Ленинград-28 | страница 33



Руки Панюшина лежали на столе. Правая сжимала пистолет — Юрий видел его тусклым серым сиянием. Из ствола начиналась тонкая алая линия. Она уходила в темноту, оканчиваясь где-то в ее бесконечных глубинах. Путь в никуда. Значит нужно совместить начало и конец пути нужным образом. Так, чтобы никто не остался в накладе.

— Чего молчишь, гер-рой? — пророкотал обладатель чудного голоса. Юрий выдохнул.

— О чем с тобой говорить, Козявка? — спросил он, и жирная красная клякса удовлетворенно задрожала.

— Вспомнил таки… Это хорошо!

Панюшин потянул ноздрями. Пахло плесенью обоев, застарелой сивухой, смертью и разложением. И оружейной смазкой.

— РЖ?

Голос хмыкнул.

— Стареешь Панюшин. Ладно, хорош пургу гнать. Медленно, очень медленно, разожми пальцы.

Панюшин открыл, было, рот, но голос опередил:

— Пожалуйста…

Вот так, — ни добавить, ни убрать. Спецотряд осназа «Челябинск» в полном составе. Значит снаружи четверо, если за прошедшие годы не произошло изменений.

Что ж, можно рискнуть. Всего-то делов — соединить начало и конец пути. Берешься Юрка?

Черт возьми, почему бы и нет? В обойме восемь патронов — по одному на каждого, и еще одна про запас.

(Например, себе в лоб, но это уже крайний случай.)

Юрий уперся коленом в столешницу, и медленно, как и просил голос, разжал пальцы руки.

Левой.

Пистолет остался в другой руке — сейчас Юрию и не пришло бы в голову избавится от оружия. Он ощущал каждую деталь пистолета — все вместе они составляли целое, и это целое было готово выполнять свое предназначение — убивать. Быстро и надежно, так, чтобы не показалось мало.

Восемь пуль — должно хватить, так ведь, Панюшин?

В кромешной темноте Юрий оттолкнулся от столешницы, падая спиной на пол.

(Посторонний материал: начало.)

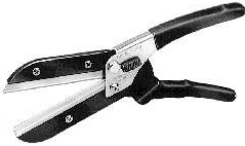
15748 Moulding Cutting Tool

A professional quality tool that cuts with absolute accuracy every time to give a clean, accurate and precise edge. The 15748 tool features a replaceable razor-sharp blade cutting against a plastic anvil which is also replaceable. Excellent for cutting rubber/plastic moulding (up to 3-1/2"), weatherstrip, carpeting and most flexible materials. The tool measures 10" overall and the handles are vinyl coated.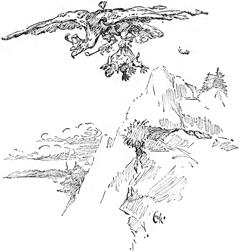
THE TORTOISE AND THE EAGLE

В падении, он ухватил пистолет обеими руками, и как только спинка стула с шумом соприкоснулась с грязным полом залы, Панюшин открыл огонь.

Первый выстрел нашел свою цель. Красная клякса замерла, побагровела. Две других кляксы, поменьше, дернулись навстречу, но так и не приблизились, отброшенные выстрелами.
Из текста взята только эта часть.